Task prompt: Copy out the listing that follows, exact in every word, and skip the images.

Data block:

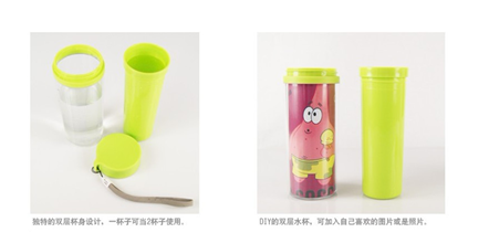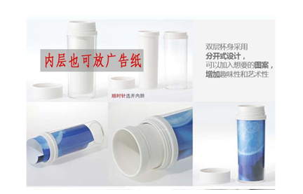 雙層密封廣告運動水杯不僅能隔熱防燙的水杯,出去旅行帶上此款水杯,方便獨特。一個杯子可以當兩個杯子用,同時雙層杯身采用分開式設計,可以加入想要的圖案,內層也可放廣告紙的,增加了趣味性和藝術性。直接可以秀出你的DIY水杯,這樣更有創意性。
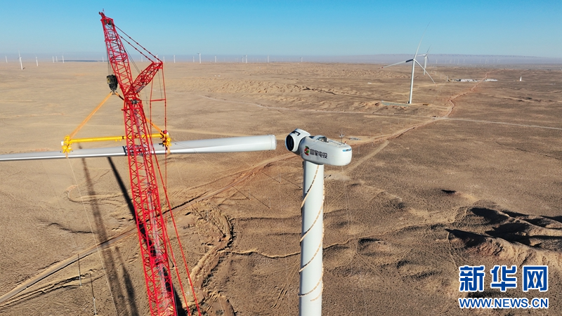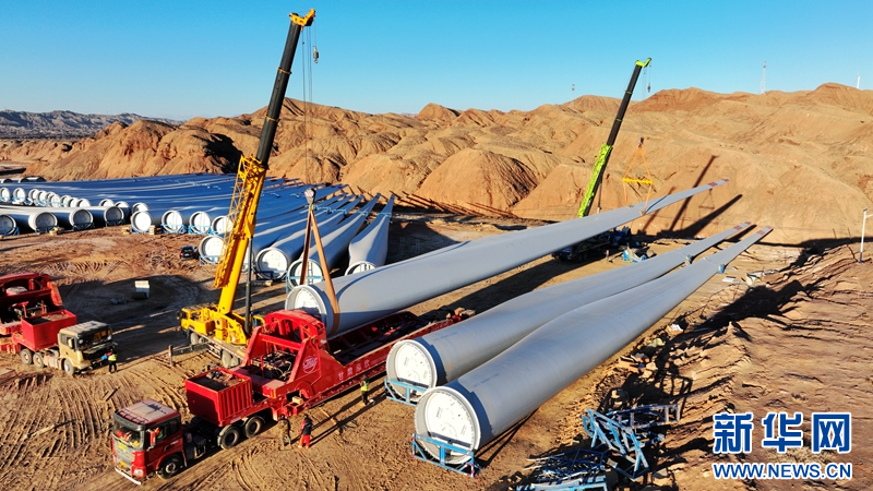 隆冬季節(jié),在甘肅省張掖市甘州區(qū)平山湖風電基地國家電投10萬千瓦風電項目建設(shè)工地,工人正在進行風機葉片吊裝作業(yè)。
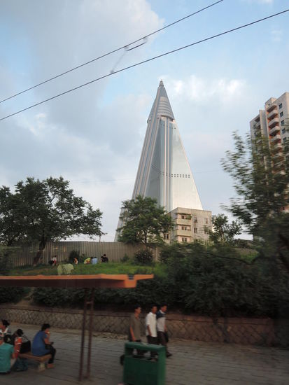 Nach etlichen abendlichen Bieren im Drehrestaurant auf dem Dach unseres Yanggakdo-Hotels, standen am nächsten Tag zwei echte Highlights auf dem Programm: Mit gebügeltem Hemd ins Mausoleum und U-Bahn-Fahren. Unserer Reiseleiterin war die Anspannung am Morgen regelrecht anzumerken, schließlich hätte sie dafür gerade stehen müssen, hätte sich einer von uns im Mausoleum daneben benommen. Natürlich haben wir uns alle zusammengerissen und uns jeweils dreimal verbeugt. "When in Rome do it like the Romans do." Right? Der Aufbau war bei beiden verblichenen Potentaten jeweils gleich: Zuerst defilierte man am Schneewittchen-gleich eingehausten Leichnam vorbei (für Koreanerinnen war hier der Zeitpunkt gekommen, hörbar zu schluchzen) und im nächsten Raum waren dann sämtliche Auszeichnungen ausgestellt, die den beiden Giganten jemals zuteil wurden. Hier wurden dann ohne falsche Scham noch die letzten Phantasie-Orden aus z.B. Gabun mit Stolz und Riesenfoto dazu präsentiert. Tja, und im nächsten Raum stand dann: ein Zug! Bin mir nicht sicher, aber ich glaube, es erklärt sich daraus, dass beide Titanen jeweils im Zug gestorben sind. Schade, dass keiner auf dem Scheißhaus verreckt ist! Das wäre aber noch eine Idee für den Dicken ...

Output for this task:
 雙層密封廣告運動水杯不僅能隔熱防燙的水杯,出去旅行帶上此款水杯,方便獨特。一個杯子可以當兩個杯子用,同時雙層杯身采用分開式設計,可以加入想要的圖案,內層也可放廣告紙的,增加了趣味性和藝術性。直接可以秀出你的DIY水杯,這樣更有創意性。
 隆冬季節(jié),在甘肅省張掖市甘州區(qū)平山湖風電基地國家電投10萬千瓦風電項目建設(shè)工地,工人正在進行風機葉片吊裝作業(yè)。
 Nach etlichen abendlichen Bieren im Drehrestaurant auf dem Dach unseres Yanggakdo-Hotels, standen am nächsten Tag zwei echte Highlights auf dem Programm: Mit gebügeltem Hemd ins Mausoleum und U-Bahn-Fahren. Unserer Reiseleiterin war die Anspannung am Morgen regelrecht anzumerken, schließlich hätte sie dafür gerade stehen müssen, hätte sich einer von uns im Mausoleum daneben benommen. Natürlich haben wir uns alle zusammengerissen und uns jeweils dreimal verbeugt. "When in Rome do it like the Romans do." Right? Der Aufbau war bei beiden verblichenen Potentaten jeweils gleich: Zuerst defilierte man am Schneewittchen-gleich eingehausten Leichnam vorbei (für Koreanerinnen war hier der Zeitpunkt gekommen, hörbar zu schluchzen) und im nächsten Raum waren dann sämtliche Auszeichnungen ausgestellt, die den beiden Giganten jemals zuteil wurden. Hier wurden dann ohne falsche Scham noch die letzten Phantasie-Orden aus z.B. Gabun mit Stolz und Riesenfoto dazu präsentiert. Tja, und im nächsten Raum stand dann: ein Zug! Bin mir nicht sicher, aber ich glaube, es erklärt sich daraus, dass beide Titanen jeweils im Zug gestorben sind. Schade, dass keiner auf dem Scheißhaus verreckt ist! Das wäre aber noch eine Idee für den Dicken ...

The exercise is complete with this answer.